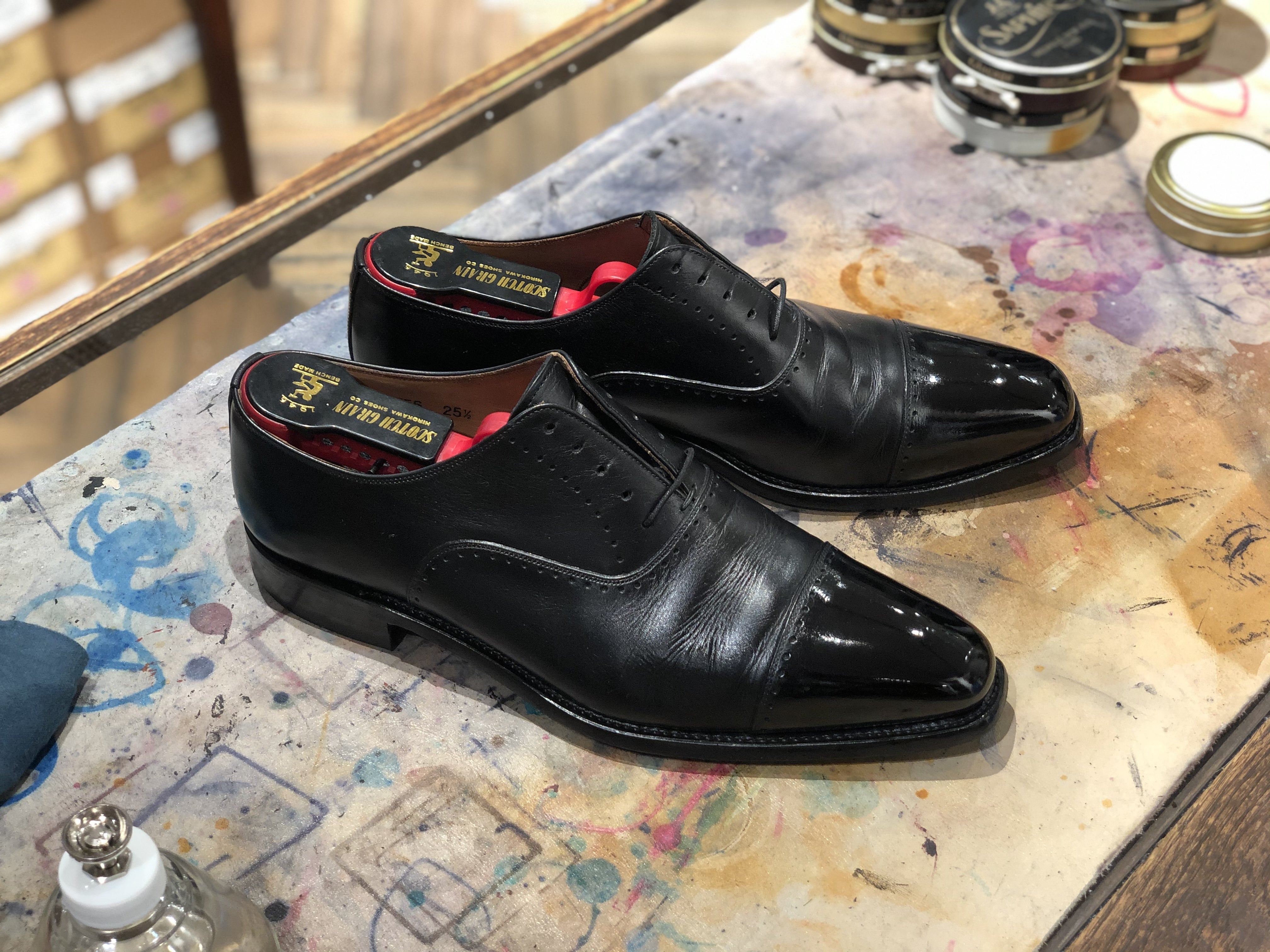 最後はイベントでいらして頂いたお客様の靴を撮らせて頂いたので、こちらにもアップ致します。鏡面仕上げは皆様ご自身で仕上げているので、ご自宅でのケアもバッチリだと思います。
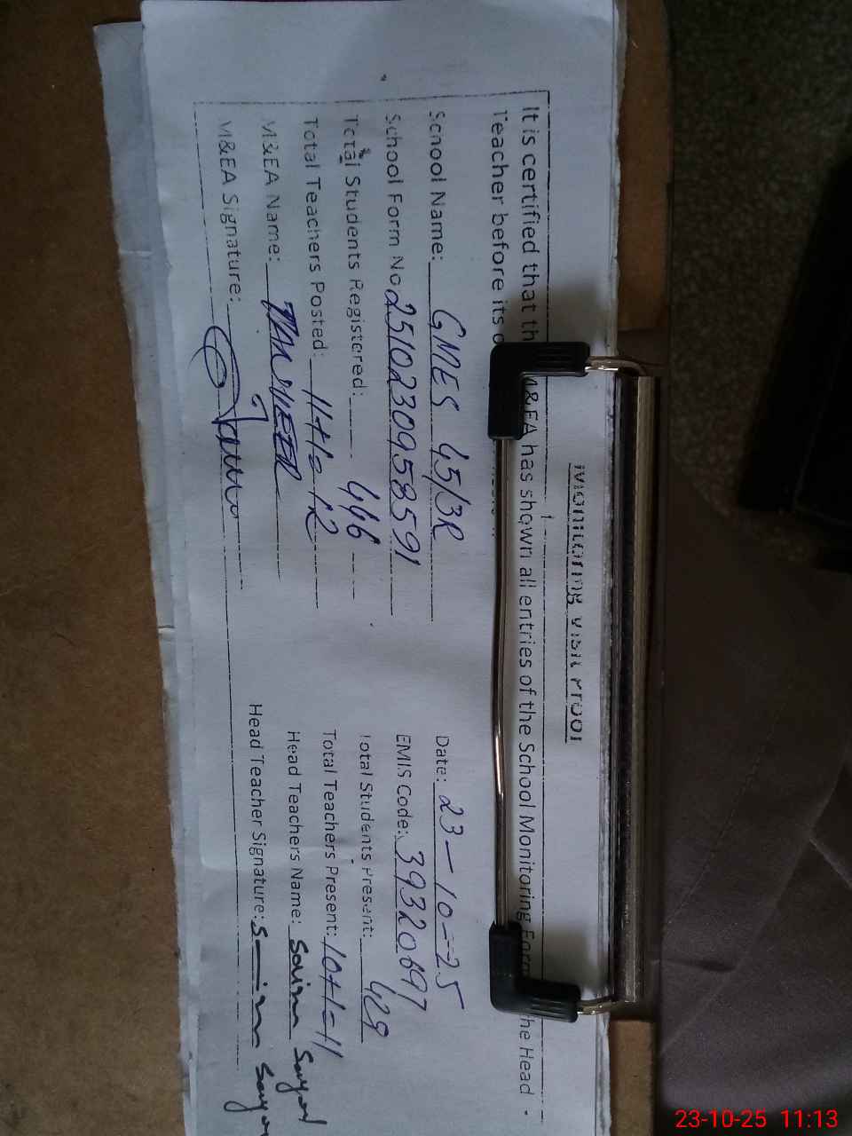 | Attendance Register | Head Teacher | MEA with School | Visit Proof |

---

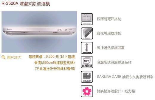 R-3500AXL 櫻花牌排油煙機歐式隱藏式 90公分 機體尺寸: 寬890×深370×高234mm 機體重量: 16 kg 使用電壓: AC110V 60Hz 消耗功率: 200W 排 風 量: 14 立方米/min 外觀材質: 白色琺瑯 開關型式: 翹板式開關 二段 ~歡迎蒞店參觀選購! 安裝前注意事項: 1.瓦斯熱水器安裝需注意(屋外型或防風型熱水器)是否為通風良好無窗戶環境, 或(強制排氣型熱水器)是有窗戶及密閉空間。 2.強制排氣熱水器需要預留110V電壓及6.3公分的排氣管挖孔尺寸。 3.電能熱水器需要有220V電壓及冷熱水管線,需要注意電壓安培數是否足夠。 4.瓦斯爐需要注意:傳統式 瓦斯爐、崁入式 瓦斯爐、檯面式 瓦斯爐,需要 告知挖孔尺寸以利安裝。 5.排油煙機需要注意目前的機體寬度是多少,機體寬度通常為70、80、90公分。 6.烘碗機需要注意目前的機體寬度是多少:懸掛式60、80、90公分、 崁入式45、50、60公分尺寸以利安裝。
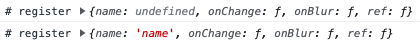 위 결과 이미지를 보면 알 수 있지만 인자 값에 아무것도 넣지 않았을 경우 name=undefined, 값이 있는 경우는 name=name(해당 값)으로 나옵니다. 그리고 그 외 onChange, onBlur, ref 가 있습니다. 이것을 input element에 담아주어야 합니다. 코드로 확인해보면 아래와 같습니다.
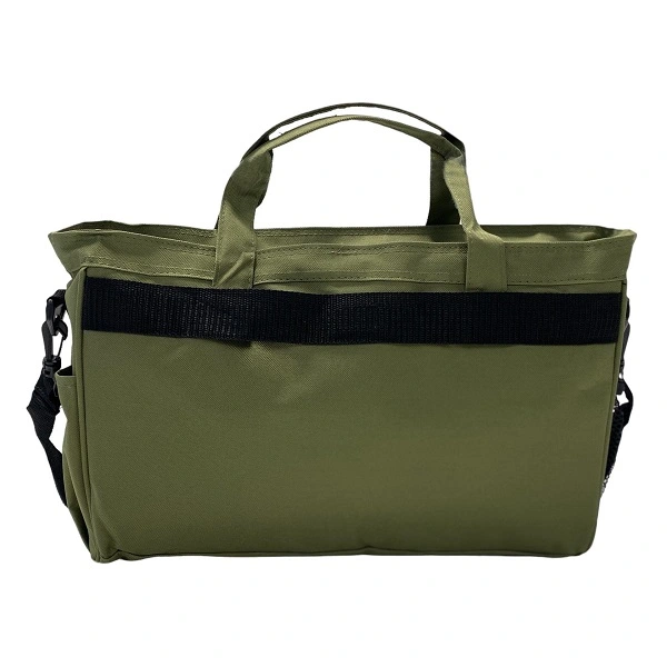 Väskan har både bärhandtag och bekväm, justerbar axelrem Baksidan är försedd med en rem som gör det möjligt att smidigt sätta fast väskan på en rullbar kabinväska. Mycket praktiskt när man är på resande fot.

#### TRY IT:
Transcribe only the lines above that start at the line containing "最後はイベントでいらして頂い" and end at the line containing "Visit Proof |". Omit pictures.

#### EXERCISE SOLUTION:
 最後はイベントでいらして頂いたお客様の靴を撮らせて頂いたので、こちらにもアップ致します。鏡面仕上げは皆様ご自身で仕上げているので、ご自宅でのケアもバッチリだと思います。
 | Attendance Register | Head Teacher | MEA with School | Visit Proof |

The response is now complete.